- [Listed entries]

:::

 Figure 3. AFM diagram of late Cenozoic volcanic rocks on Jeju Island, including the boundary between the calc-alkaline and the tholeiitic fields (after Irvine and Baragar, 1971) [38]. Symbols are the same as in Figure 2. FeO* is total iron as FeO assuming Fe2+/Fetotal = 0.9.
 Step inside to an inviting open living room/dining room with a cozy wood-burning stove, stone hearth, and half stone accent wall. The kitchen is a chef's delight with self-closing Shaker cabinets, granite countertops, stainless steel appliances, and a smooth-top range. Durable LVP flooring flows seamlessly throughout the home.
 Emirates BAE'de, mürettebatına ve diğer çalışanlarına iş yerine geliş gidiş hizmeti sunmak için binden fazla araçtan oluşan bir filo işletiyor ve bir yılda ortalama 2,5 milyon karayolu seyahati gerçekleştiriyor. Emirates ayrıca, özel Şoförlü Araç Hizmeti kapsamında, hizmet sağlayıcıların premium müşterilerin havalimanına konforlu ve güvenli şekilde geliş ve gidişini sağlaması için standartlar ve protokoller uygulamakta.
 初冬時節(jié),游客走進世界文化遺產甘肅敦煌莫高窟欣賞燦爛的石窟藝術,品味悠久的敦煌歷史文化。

:::

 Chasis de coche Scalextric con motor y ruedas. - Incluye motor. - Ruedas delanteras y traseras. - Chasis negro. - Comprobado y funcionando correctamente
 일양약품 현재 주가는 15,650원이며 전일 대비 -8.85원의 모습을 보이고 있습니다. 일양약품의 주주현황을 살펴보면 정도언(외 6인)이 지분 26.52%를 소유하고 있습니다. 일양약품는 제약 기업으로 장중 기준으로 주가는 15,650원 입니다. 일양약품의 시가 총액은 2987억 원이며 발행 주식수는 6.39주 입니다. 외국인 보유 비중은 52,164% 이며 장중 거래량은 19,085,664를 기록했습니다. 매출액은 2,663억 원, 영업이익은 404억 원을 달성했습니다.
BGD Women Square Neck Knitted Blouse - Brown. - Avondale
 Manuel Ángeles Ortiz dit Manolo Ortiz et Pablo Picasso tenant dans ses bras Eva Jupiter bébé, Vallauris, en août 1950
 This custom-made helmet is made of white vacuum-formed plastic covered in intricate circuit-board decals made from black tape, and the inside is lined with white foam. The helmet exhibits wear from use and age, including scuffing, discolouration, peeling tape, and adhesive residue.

:::

- [Problem to solve]
Word for word, restate the lines above from the line containing "일양약품 현재 주가는" through the line containing "This custom-made helmet", with both included and nothing else.

- [Your response]
 일양약품 현재 주가는 15,650원이며 전일 대비 -8.85원의 모습을 보이고 있습니다. 일양약품의 주주현황을 살펴보면 정도언(외 6인)이 지분 26.52%를 소유하고 있습니다. 일양약품는 제약 기업으로 장중 기준으로 주가는 15,650원 입니다. 일양약품의 시가 총액은 2987억 원이며 발행 주식수는 6.39주 입니다. 외국인 보유 비중은 52,164% 이며 장중 거래량은 19,085,664를 기록했습니다. 매출액은 2,663억 원, 영업이익은 404억 원을 달성했습니다.
BGD Women Square Neck Knitted Blouse - Brown. - Avondale
 Manuel Ángeles Ortiz dit Manolo Ortiz et Pablo Picasso tenant dans ses bras Eva Jupiter bébé, Vallauris, en août 1950
 This custom-made helmet is made of white vacuum-formed plastic covered in intricate circuit-board decals made from black tape, and the inside is lined with white foam. The helmet exhibits wear from use and age, including scuffing, discolouration, peeling tape, and adhesive residue.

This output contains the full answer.